> _Task goal_
Give all the lines below again, exactly, with no pictures.

> _Data block_
>>>>

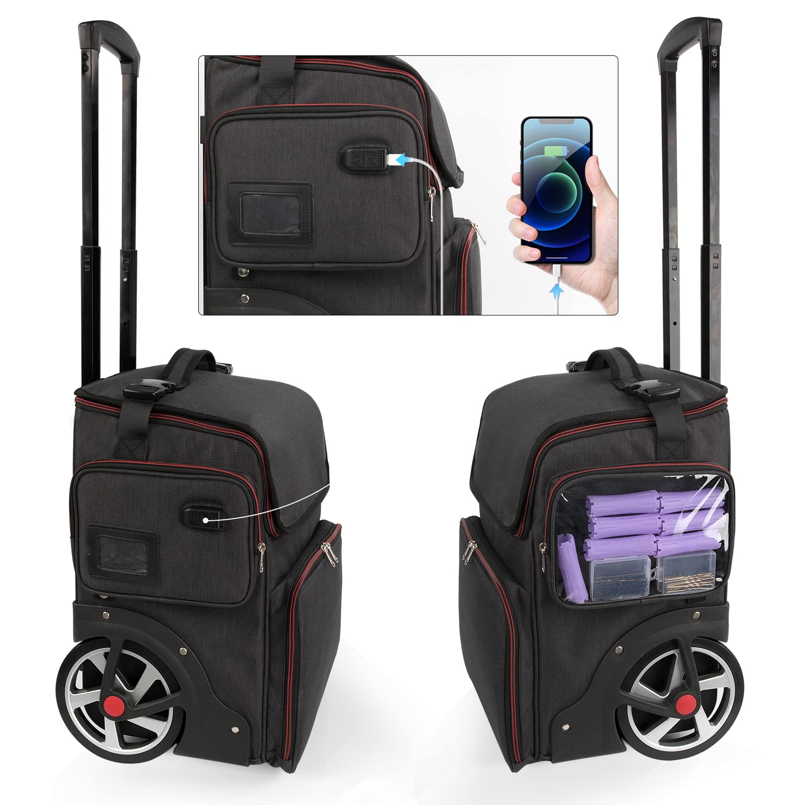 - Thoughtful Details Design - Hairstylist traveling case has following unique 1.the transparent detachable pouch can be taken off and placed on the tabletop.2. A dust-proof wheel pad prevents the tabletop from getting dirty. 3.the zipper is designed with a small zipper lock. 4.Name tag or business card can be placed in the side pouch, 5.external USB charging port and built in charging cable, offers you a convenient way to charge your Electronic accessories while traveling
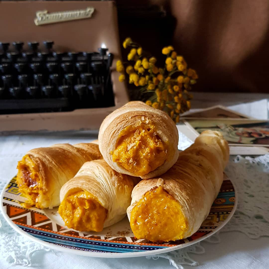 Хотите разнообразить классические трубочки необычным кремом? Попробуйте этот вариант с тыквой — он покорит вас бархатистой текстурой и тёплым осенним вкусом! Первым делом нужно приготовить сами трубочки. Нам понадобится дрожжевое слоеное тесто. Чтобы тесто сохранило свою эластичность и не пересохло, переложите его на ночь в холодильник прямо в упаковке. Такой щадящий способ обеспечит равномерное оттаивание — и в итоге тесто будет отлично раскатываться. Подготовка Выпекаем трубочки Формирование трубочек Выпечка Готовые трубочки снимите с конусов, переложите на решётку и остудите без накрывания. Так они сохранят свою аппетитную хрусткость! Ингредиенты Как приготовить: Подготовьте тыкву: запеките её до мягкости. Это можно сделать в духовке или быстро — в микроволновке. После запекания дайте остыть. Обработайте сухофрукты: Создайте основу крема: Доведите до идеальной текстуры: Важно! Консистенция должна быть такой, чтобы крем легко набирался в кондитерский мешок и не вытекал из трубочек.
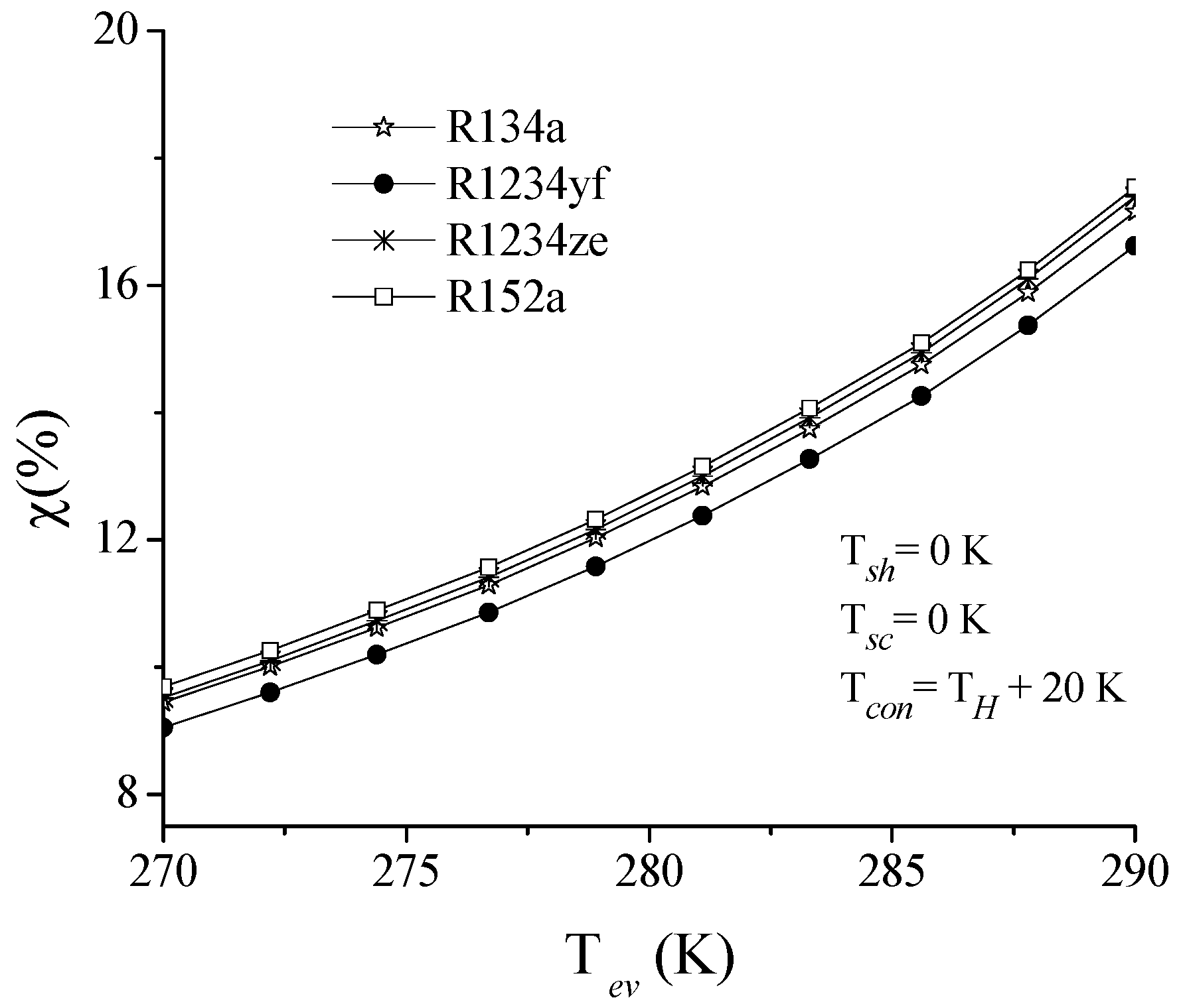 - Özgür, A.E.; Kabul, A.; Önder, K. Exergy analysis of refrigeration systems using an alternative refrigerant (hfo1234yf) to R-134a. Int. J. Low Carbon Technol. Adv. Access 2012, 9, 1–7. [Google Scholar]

<<<<

> _The completed task_
 - Thoughtful Details Design - Hairstylist traveling case has following unique 1.the transparent detachable pouch can be taken off and placed on the tabletop.2. A dust-proof wheel pad prevents the tabletop from getting dirty. 3.the zipper is designed with a small zipper lock. 4.Name tag or business card can be placed in the side pouch, 5.external USB charging port and built in charging cable, offers you a convenient way to charge your Electronic accessories while traveling
 Хотите разнообразить классические трубочки необычным кремом? Попробуйте этот вариант с тыквой — он покорит вас бархатистой текстурой и тёплым осенним вкусом! Первым делом нужно приготовить сами трубочки. Нам понадобится дрожжевое слоеное тесто. Чтобы тесто сохранило свою эластичность и не пересохло, переложите его на ночь в холодильник прямо в упаковке. Такой щадящий способ обеспечит равномерное оттаивание — и в итоге тесто будет отлично раскатываться. Подготовка Выпекаем трубочки Формирование трубочек Выпечка Готовые трубочки снимите с конусов, переложите на решётку и остудите без накрывания. Так они сохранят свою аппетитную хрусткость! Ингредиенты Как приготовить: Подготовьте тыкву: запеките её до мягкости. Это можно сделать в духовке или быстро — в микроволновке. После запекания дайте остыть. Обработайте сухофрукты: Создайте основу крема: Доведите до идеальной текстуры: Важно! Консистенция должна быть такой, чтобы крем легко набирался в кондитерский мешок и не вытекал из трубочек.
 - Özgür, A.E.; Kabul, A.; Önder, K. Exergy analysis of refrigeration systems using an alternative refrigerant (hfo1234yf) to R-134a. Int. J. Low Carbon Technol. Adv. Access 2012, 9, 1–7. [Google Scholar]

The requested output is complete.